You are viewing a plain text version of this content. The canonical link for it is here.

Posted to user@spark.apache.org by Jone Zhang <jo...@gmail.com> on 2017/05/10 11:10:32 UTC

Why spark.sql.autoBroadcastJoinThreshold not available

Now i use spark1.6.0 in java
I wish the following sql to be executed in BroadcastJoin way
*select * from sample join feature*

This is my step
1.set spark.sql.autoBroadcastJoinThreshold=100M
2.HiveContext.sql("cache lazy table feature as "select * from src where
...) which result size is only 100K
3.HiveContext.sql("select * from sample join feature")
Why the join is SortMergeJoin?

Grateful for any idea!
Thanks.

Fwd: Why spark.sql.autoBroadcastJoinThreshold not available

Posted by Jone Zhang <jo...@gmail.com>.

Solve it by remove lazy identity.
2.HiveContext.sql("cache table feature as "select * from src where ...)
which result size is only 100K

---------- Forwarded message ----------
From: Jone Zhang <jo...@gmail.com>
Date: 2017-05-10 19:10 GMT+08:00
Subject: Why spark.sql.autoBroadcastJoinThreshold not available
To: "user @spark/'user @spark'/spark users/user@spark" <
user@spark.apache.org>

Now i use spark1.6.0 in java
I wish the following sql to be executed in BroadcastJoin way
*select * from sample join feature*

This is my step
1.set spark.sql.autoBroadcastJoinThreshold=100M
2.HiveContext.sql("cache lazy table feature as "select * from src where
...) which result size is only 100K
3.HiveContext.sql("select * from sample join feature")
Why the join is SortMergeJoin?

Grateful for any idea!
Thanks.

Re: Why spark.sql.autoBroadcastJoinThreshold not available

Posted by Jone Zhang <jo...@gmail.com>.

Solve it by remove lazy identity.
2.HiveContext.sql("cache table feature as "select * from src where ...)
which result size is only 100K

Thanks!

2017-05-15 21:26 GMT+08:00 Yong Zhang <ja...@hotmail.com>:

> You should post the execution plan here, so we can provide more accurate
> support.
>
>
> Since in your feature table, you are building it with projection ("where
> ...."), so my guess is that the following JIRA (SPARK-13383
> <https://issues.apache.org/jira/browse/SPARK-13383>) stops the broadcast
> join. This is fixed in the Spark 2.x. Can you try it on Spark 2.0?
>
> Yong
>
> ------------------------------
> *From:* Jone Zhang <jo...@gmail.com>
> *Sent:* Wednesday, May 10, 2017 7:10 AM
> *To:* user @spark/'user @spark'/spark users/user@spark
> *Subject:* Why spark.sql.autoBroadcastJoinThreshold not available
>
> Now i use spark1.6.0 in java
> I wish the following sql to be executed in BroadcastJoin way
> *select * from sample join feature*
>
> This is my step
> 1.set spark.sql.autoBroadcastJoinThreshold=100M
> 2.HiveContext.sql("cache lazy table feature as "select * from src where
> ...) which result size is only 100K
> 3.HiveContext.sql("select * from sample join feature")
> Why the join is SortMergeJoin?
>
> Grateful for any idea!
> Thanks.
>

Re: Why spark.sql.autoBroadcastJoinThreshold not available

Posted by Yong Zhang <ja...@hotmail.com>.

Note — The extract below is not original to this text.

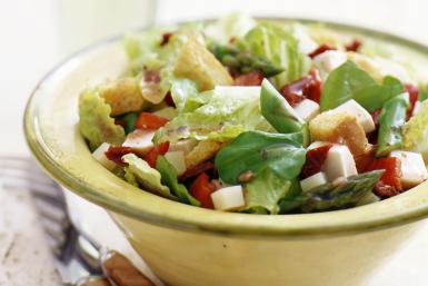 To serve the salad, dress and top with croutons or top individual servings with the croutons and pass the dressing at the table.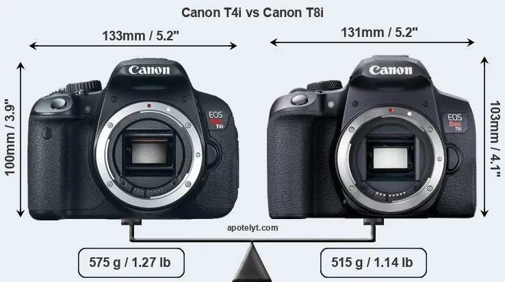 An illustration of the physical size and weight of the Canon T4i and the Canon T8i is provided in the side-by-side display below. The two cameras are presented according to their relative size. Three successive views from the front, the top, and the rear are shown. All width, height and depth dimensions are rounded to the nearest millimeter.

You should post the execution plan here, so we can provide more accurate support.


Since in your feature table, you are building it with projection ("where ...."), so my guess is that the following JIRA (SPARK-13383<https://issues.apache.org/jira/browse/SPARK-13383>) stops the broadcast join. This is fixed in the Spark 2.x. Can you try it on Spark 2.0?

Yong

________________________________
From: Jone Zhang <jo...@gmail.com>
Sent: Wednesday, May 10, 2017 7:10 AM
To: user @spark/'user @spark'/spark users/user@spark
Subject: Why spark.sql.autoBroadcastJoinThreshold not available

Now i use spark1.6.0 in java
I wish the following sql to be executed in BroadcastJoin way
select * from sample join feature

This is my step
1.set spark.sql.autoBroadcastJoinThreshold=100M
2.HiveContext.sql("cache lazy table feature as "select * from src where ...) which result size is only 100K
3.HiveContext.sql("select * from sample join feature")
Why the join is SortMergeJoin?

Grateful for any idea!
Thanks.